## Try it:
Only the stretch of the listing below that runs from the line with "Ao todo, o Brasil" through the line with "البناية تتكون من" is to be printed, exactly and with both ends.

START Record excerpts

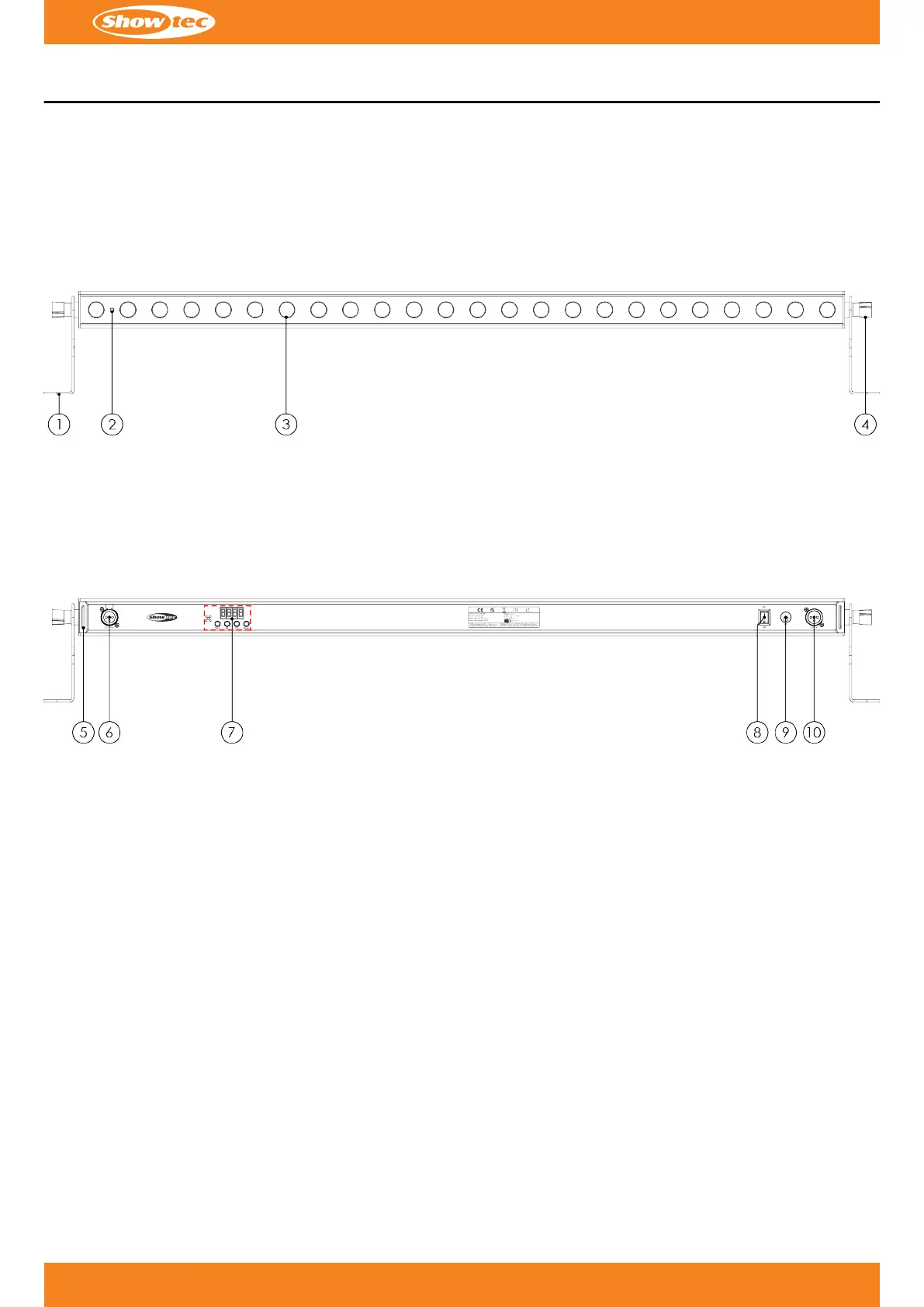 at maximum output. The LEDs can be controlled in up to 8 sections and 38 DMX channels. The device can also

END Record excerpts
START Record excerpts

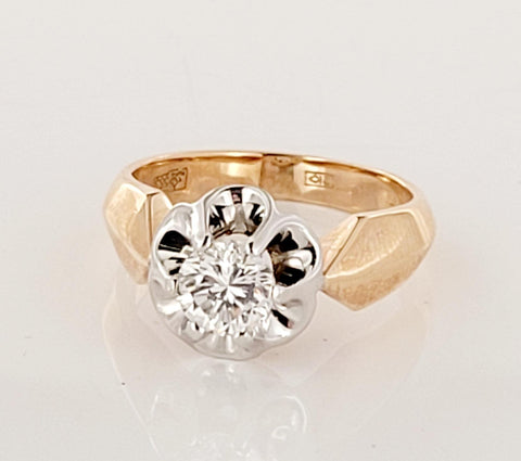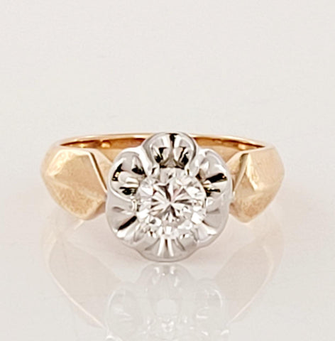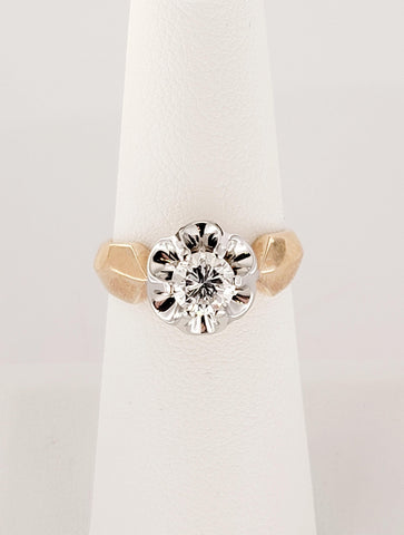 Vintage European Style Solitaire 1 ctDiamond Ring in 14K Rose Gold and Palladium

END Record excerpts
START Record excerpts

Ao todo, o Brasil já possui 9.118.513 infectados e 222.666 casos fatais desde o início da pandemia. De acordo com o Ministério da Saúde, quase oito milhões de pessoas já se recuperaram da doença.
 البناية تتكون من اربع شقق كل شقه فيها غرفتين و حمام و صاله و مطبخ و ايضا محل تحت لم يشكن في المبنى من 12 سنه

END Record excerpts

## Expected answer:
Ao todo, o Brasil já possui 9.118.513 infectados e 222.666 casos fatais desde o início da pandemia. De acordo com o Ministério da Saúde, quase oito milhões de pessoas já se recuperaram da doença.
 البناية تتكون من اربع شقق كل شقه فيها غرفتين و حمام و صاله و مطبخ و ايضا محل تحت لم يشكن في المبنى من 12 سنه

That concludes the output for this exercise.